- LISTED ENTRIES:
--
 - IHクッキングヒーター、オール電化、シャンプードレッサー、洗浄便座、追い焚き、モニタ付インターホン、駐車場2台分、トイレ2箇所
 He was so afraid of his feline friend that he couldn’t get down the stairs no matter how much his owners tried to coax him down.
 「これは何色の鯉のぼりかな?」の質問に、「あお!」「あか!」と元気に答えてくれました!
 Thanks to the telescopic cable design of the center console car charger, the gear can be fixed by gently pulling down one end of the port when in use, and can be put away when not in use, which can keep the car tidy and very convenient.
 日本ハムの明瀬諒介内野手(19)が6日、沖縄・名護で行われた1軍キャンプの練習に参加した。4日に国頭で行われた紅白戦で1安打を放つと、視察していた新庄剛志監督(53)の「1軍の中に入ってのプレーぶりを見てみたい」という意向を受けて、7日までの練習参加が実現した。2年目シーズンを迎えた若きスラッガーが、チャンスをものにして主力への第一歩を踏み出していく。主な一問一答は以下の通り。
--
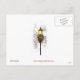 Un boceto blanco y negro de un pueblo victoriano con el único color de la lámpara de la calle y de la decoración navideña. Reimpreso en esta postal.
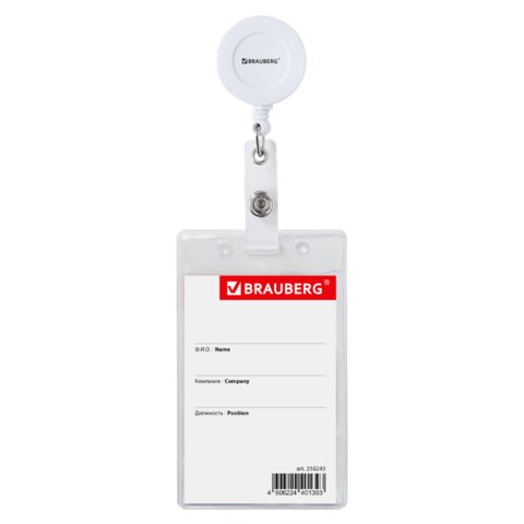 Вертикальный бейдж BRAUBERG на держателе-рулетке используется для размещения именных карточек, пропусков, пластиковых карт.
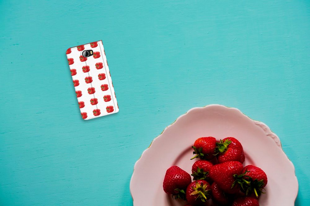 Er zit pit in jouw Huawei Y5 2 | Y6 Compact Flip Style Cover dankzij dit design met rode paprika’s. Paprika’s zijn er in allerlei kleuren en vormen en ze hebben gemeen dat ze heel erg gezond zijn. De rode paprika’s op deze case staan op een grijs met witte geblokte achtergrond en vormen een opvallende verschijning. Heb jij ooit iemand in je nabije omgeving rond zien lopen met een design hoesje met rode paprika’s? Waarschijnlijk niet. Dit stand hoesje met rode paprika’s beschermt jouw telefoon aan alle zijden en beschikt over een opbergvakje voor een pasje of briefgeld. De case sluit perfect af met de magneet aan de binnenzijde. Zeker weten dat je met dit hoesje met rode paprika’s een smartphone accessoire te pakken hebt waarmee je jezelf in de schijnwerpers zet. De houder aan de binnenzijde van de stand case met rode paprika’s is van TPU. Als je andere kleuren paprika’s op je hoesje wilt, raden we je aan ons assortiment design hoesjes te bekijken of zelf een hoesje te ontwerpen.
--
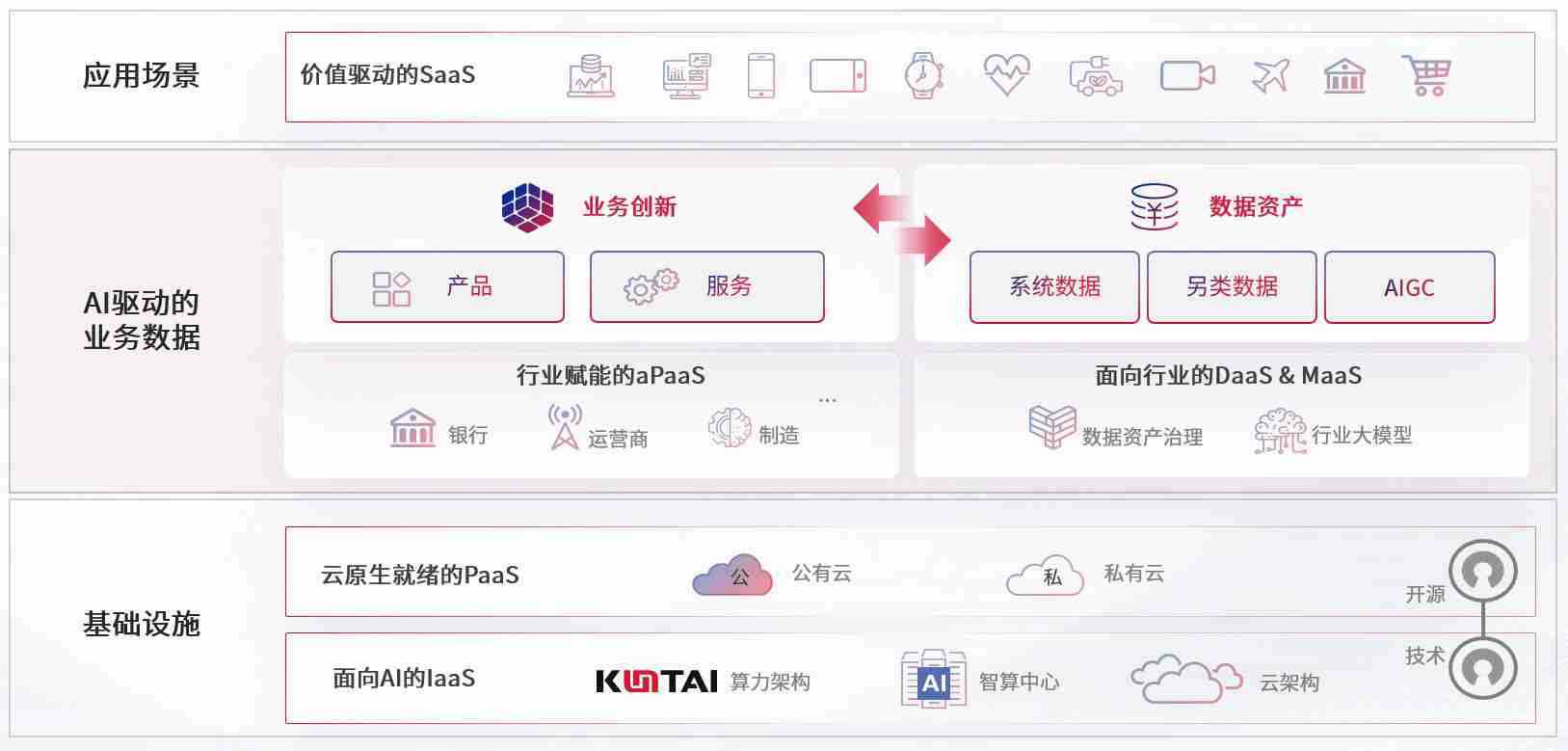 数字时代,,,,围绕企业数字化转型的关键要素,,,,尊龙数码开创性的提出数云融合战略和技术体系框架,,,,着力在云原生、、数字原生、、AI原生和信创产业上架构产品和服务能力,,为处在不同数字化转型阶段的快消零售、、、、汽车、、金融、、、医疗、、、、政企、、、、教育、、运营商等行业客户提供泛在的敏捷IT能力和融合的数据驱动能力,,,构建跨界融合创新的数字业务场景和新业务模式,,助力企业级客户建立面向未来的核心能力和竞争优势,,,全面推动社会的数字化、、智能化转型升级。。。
--
- PROMPT: Retype the records above, but only those lines that fall between the line containing "Thanks to the" and the line containing "日本ハムの明瀬諒介内野手(1", with both of those lines included, exactly as written.

- RESULT FOR THIS TASK:
 Thanks to the telescopic cable design of the center console car charger, the gear can be fixed by gently pulling down one end of the port when in use, and can be put away when not in use, which can keep the car tidy and very convenient.
 日本ハムの明瀬諒介内野手(19)が6日、沖縄・名護で行われた1軍キャンプの練習に参加した。4日に国頭で行われた紅白戦で1安打を放つと、視察していた新庄剛志監督(53)の「1軍の中に入ってのプレーぶりを見てみたい」という意向を受けて、7日までの練習参加が実現した。2年目シーズンを迎えた若きスラッガーが、チャンスをものにして主力への第一歩を踏み出していく。主な一問一答は以下の通り。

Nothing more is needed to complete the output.